Ces nuances infinitésimales qui tissent le bonheur quotidien et qui sont la fleur la plus exquise de la tendresse et de l’amour.
Par Maurice Zundel. Tiré de « Ton visage, ma lumière » – Lausanne 1959 et 1963.
Si la nuance est l’âme de la musique, s’il n’y a pas d’art sans nuance, il n’y a pas non plus de vertu sans nuance, et la nuance est précisément le constitutif essentiel de toute vertu! […]
C’est dans ce respect de la nuance que le bonheur est contenu tout entier. […]
Le refus de sentir le désir de l’autre, de deviner sa souffrance, de baisser les yeux devant sa faute ou sa confusion! Un mot ironique qui stérilise un bon mouvement qui commençait à naître. Il n’en faut pas davantage pour empoisonner l’existence et détruire parfois radicalement le bonheur. […]
Ces petites nuances, cette guerre de coups d’épingle, cette inattention volontaire à une souffrance à côté de soi-même, ce refus de prévenir une douleur, de tenir compte de la pensée et de l’opinion de ceux avec lesquels on vit, c’est cela qui est grave! Parce que c’est cela, justement, qui grignote la vie, et qui peu à peu engendre le désespoir, puisque forcés de cohabiter et d’être ensemble on n’a plus rien à se donner, on ne croit même plus que l’on a quelque chose à découvrir dans l’autre, avec lequel on est lié pour la vie. […]
Ces nuances infinitésimales qui tissent le bonheur quotidien et qui sont la fleur la plus exquise de la tendresse et de l’amour. […]
Oscar Wilde, le grand poète, nous a raconté, dans De profundis, comment il dut son salut, son salut éternel : il le dut à ce seul fait que le jour de sa condamnation, le jour où son déshonneur devint public, où toute l’Angleterre pénétra dans sa vie privée, où sa femme s’enfuit avec ses enfants en changeant de nom, en laissant ignorer à ses enfants, encore petits, qu’ils étaient ses fils, il n’a dû son salut qu’à ce seul fait qu’un de ses amis, un seul, lui demeura fidèle et, après la sentence infamante qui le frappait, vint le saluer en s’inclinant respectueusement devant lui.
Ce n’était rien, mais c’était tout.

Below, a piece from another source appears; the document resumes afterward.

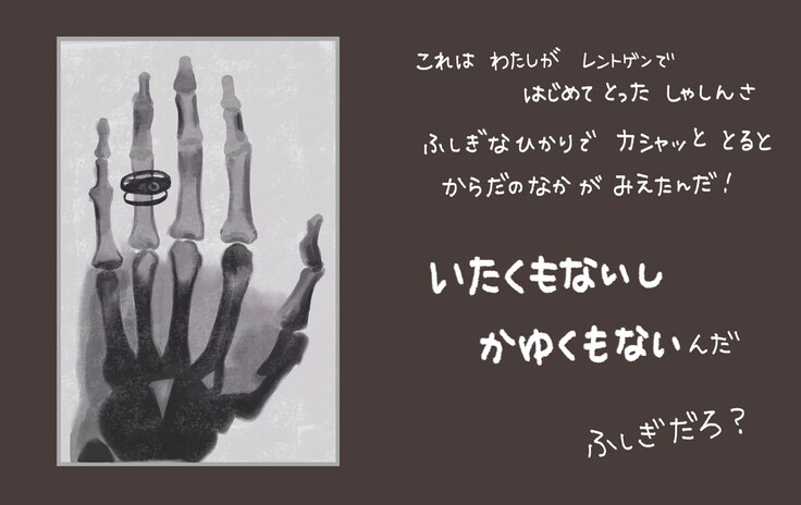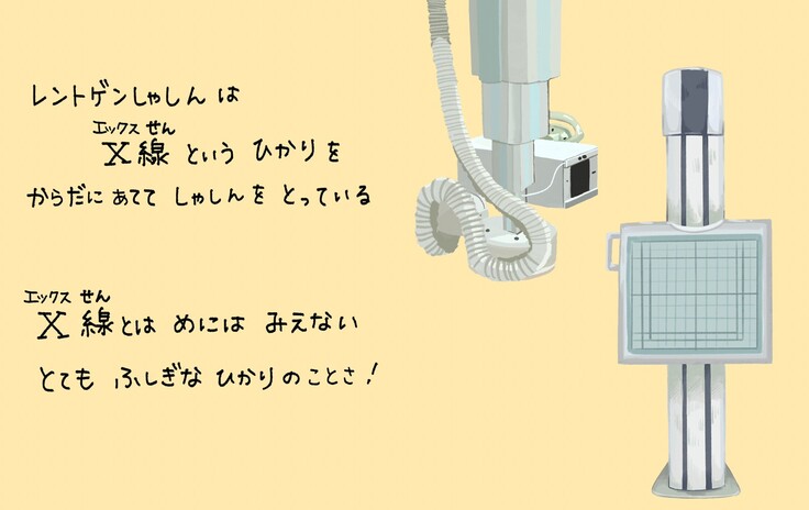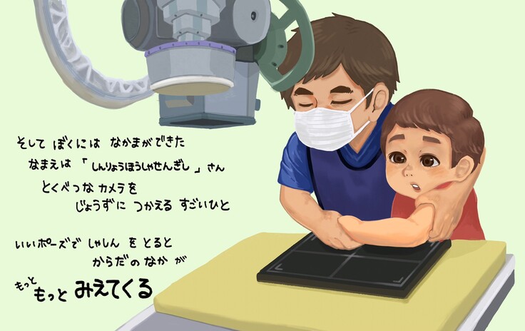 全ての人が体験する単純X線検査だからこそ、多くの方に手にとってもらいやすい絵本という媒体にこだわりました。

C’était lui faire signe qu’il n’était pas définitivement condamné; que l’avenir restait ouvert, qu’il y avait encore en lui quelque chose qui méritait un respect infini, et qu’il suffisait qu’il découvrit au fond de lui-même ce trésor caché en lui, pour que tout recommençât et qu’il recouvrât sa dignité première!
Et en effet, c’est ce souvenir qui, en prison, fut sa lumière et qui lui fit découvrir un jour l’immensité de son âme. Et cette découverte fut d’une telle importance qu’il finit par bénir le jour où la société l’avait envoyé en prison, parce que c’est ce jour-là qu’il était sorti de la prison de lui-même, et qu’il avait fait cette rencontre adorable avec la Présence qui l’attendait au plus intime de son cœur.

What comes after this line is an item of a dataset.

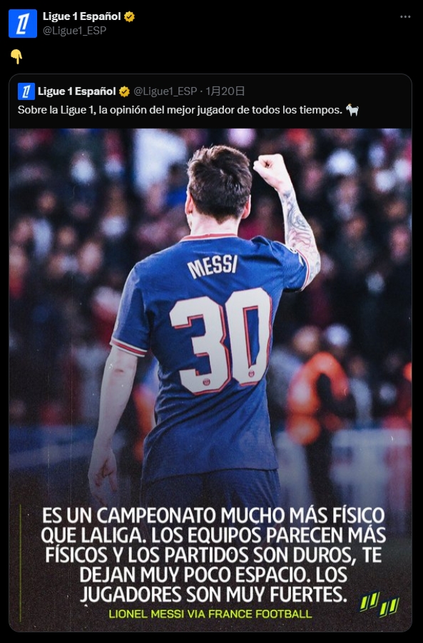 法甲西語官推表示:關(guān)于法甲,史上最佳球員的觀點(diǎn)。

Il avait suffi de ce geste, de cette nuance du respect et de l’amitié pour lui ouvrir toutes les portes de l’espérance et de l’avenir.
Et si nous voulons justement entrer dans l’appel de ce temps pascal, si nous voulons comprendre les souffrances de notre Seigneur, il faut mettre dans ces souffrances tous ces bonheurs saccagés, toutes ces âmes piétinées parce qu’on a méconnu leur grandeur, parce qu’on a refusé de leur donner cette atmosphère où l’esprit respire, parce qu’on a négligé de solliciter le meilleur dont ils étaient capables, on les a obligés à étouffer les plus beaux mouvements de leur générosité.

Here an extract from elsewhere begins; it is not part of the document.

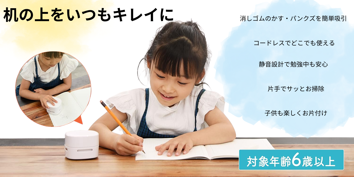 Mini デスクトップクリーナーは、オフィスやデスク、車内、キッチンなどを手軽にキレイに保つだけでなく、お子さまも一緒に楽しめる新しいお掃除スタイルを提案します。

Et puisqu’il ne s’agit pas de nous lamenter sur le passé, mais d’envisager l’aujourd’hui et l’avenir, c’est de cela qu’il faut nous pénétrer aujourd’hui. Si nous voulons être les disciples de l’Évangile qui est la Bonne Nouvelle, si nous voulons être des donneurs de joie, il faut de la musique avant toute chose, et pour que la vie devienne musique, cette nuance nous saurons la mettre partout.
C’est par-là que se constituera une permanente révélation de la Présence divine, car, de Dieu on n’en peut jamais parler sans l’abîmer, à moins justement de tisser dans la vie quotidienne cette trame d’un bonheur tout entier fait de nuances, dans le respect des autres, dans la domination de son impatience, dans la prévenance accordée aux moindres détails de la vie, pour que personne ne soit blessé, et que la vie fleurisse.
De la nuance dans les moindres choses, c’est toute la vie spirituelle.